Alastair, of course, was in a high state of excitement over
the events in Spain. The remarkable thing about the Spanish war—about all ideological wars, I suppose—was the fiery single-mindedness, not to say simple-mindedness, that it produced in otherwise quite sophisticated people. All doubts were banished, all questions answered, all quibbling done with. Franco was Moloch and the Popular Front were the children in white whom the West was offering to the fiend in heartless and craven sacrifice. The fact that Stalin, while flying to the aid of the Spanish Loyalists, was at the same time systematically exterminating all opposition to his rule at home, was conveniently ignored. I was a Marxist, yes, but I never had anything other than contempt for the Iron Man; such an
unappetising
person.

“Come on, Victor!” Alastair said, wrenching the stem of his pipe from its socket and shaking dribbles of black goo out of it. “These are dangerous times. The Revolution has to be protected.”

I sighed and smiled.

“The city must be destroyed in order to save it, is that what you mean?”

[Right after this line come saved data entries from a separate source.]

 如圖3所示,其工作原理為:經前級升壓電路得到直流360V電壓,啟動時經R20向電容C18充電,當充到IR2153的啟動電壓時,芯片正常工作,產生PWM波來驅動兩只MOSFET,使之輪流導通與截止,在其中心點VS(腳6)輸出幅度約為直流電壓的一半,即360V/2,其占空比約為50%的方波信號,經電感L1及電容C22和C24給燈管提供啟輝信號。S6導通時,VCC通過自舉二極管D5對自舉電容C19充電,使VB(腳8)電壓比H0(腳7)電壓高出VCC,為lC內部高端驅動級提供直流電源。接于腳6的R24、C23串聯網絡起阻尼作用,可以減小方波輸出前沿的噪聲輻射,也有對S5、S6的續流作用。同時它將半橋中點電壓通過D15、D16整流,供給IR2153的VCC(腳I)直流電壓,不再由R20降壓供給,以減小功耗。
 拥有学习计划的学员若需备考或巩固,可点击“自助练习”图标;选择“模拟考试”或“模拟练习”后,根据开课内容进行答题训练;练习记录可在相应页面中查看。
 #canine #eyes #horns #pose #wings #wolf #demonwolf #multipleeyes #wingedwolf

We were sitting in deckchairs in the sun in the little back garden below the windows of his rooms in Trinity. Alastair tended the garden himself and was touchingly proud of it. There were roses and snapdragons, and the lawn was as smooth as a billiard table. He poured out tea from a blue pot, daintily holding the lid in place with a fingertip, and slowly, gloomily, shook his head.

“Sometimes I wonder about your commitment to the cause, Victor.”

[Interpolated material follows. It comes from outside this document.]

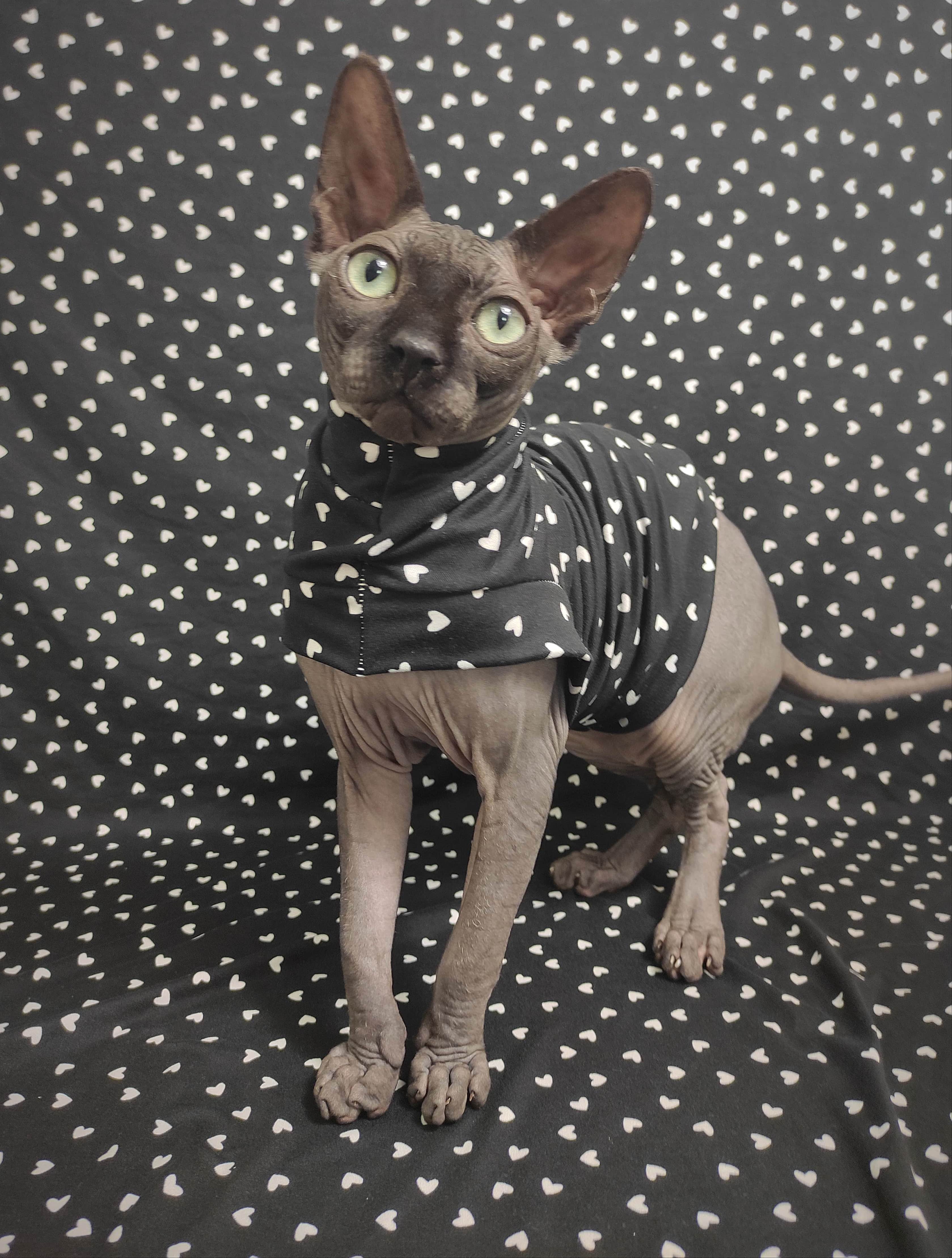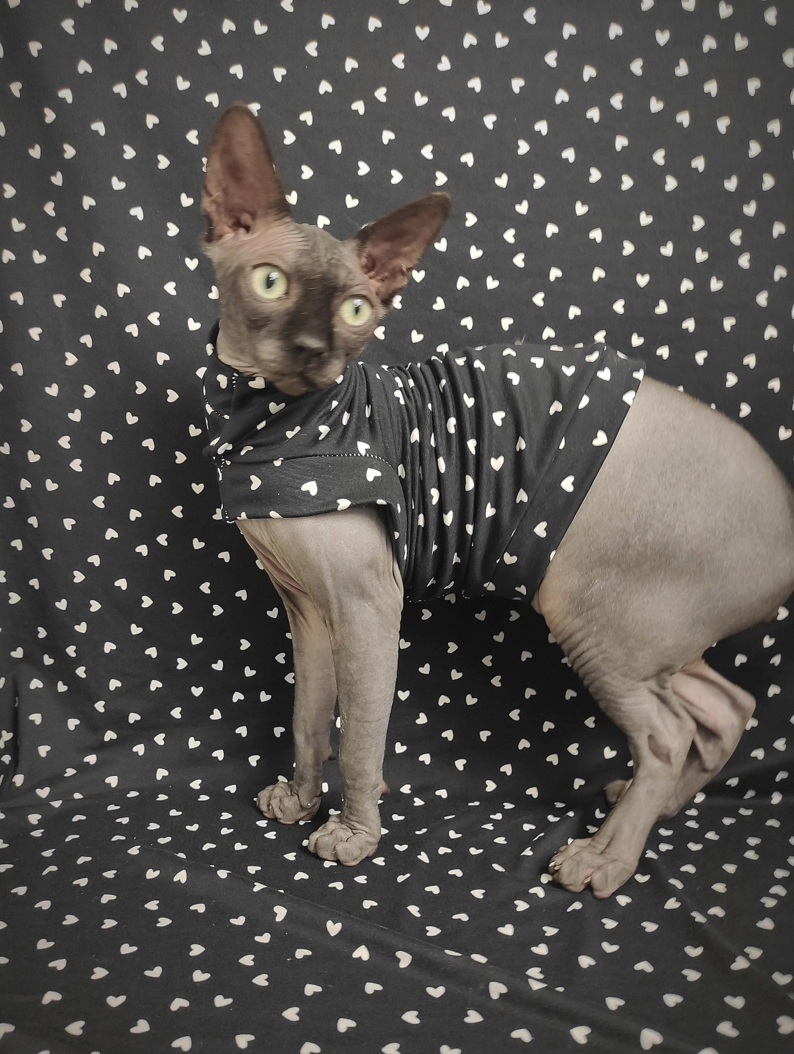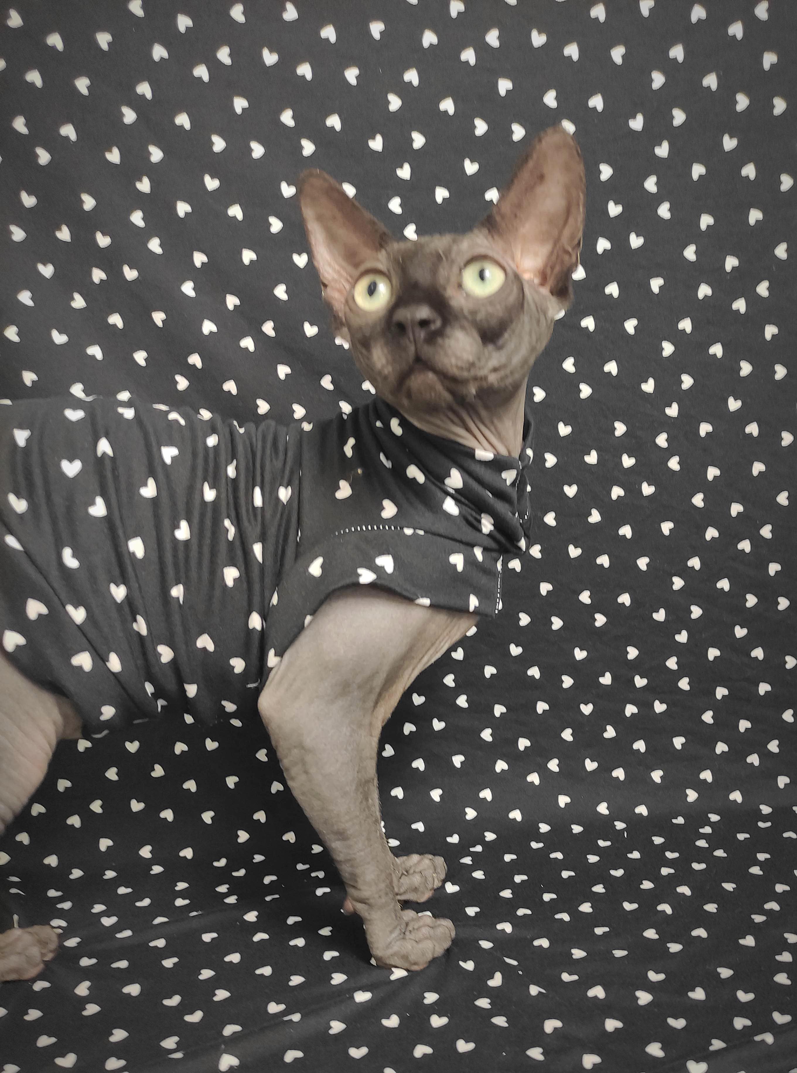 This is a Limited Edition cat shirt / sweater for your hairless Sphynx / Devon Rex / Cornish Rex / Peterbald, and even for some of our stylish furry friends. This sleeper is made from a stretchy cotton blend fabric. Made with special seams that minimize the seem profile. The Swag Sleepwear has a slimmer fit, larger armholes, and smaller trim to provide extra snuggly comfort for sleeping or catnapping! Regular Size limited to only 7. Bambino Size is limited to only 8, Ankle Biter Size is limited to 2, Lil Nipper Size is limited to 1. No more will be made when they are gone.

“Yes,” I said, “and if we were in Moscow you could denounce me to the secret police.” He gave me a wounded look. “Oh, Alastair,” I said wearily, “for goodness’ sake, you know as well as I what’s going on over there. We’re not blind, we’re not fools.”

He poured tea into his saucer and slurped it up through exaggeratedly pouted lips; it was one of his ways of demonstrating class solidarity; it struck me as ostentatious and, I’m afraid, slightly repulsive.

“Yes, but what we
are
is believers,” he said, and smacked his lips and smiled, and leaned back on the faded striped canvas of
the deckchair, balancing the cup and saucer on the shelf of his little pot belly. He looked so smug, in his sleeveless Fair Isle pullover and brown boots, that I wanted to hit him.

“You sound like a priest,” I said.

He grinned at me, showing the gap between his rabbity front teeth.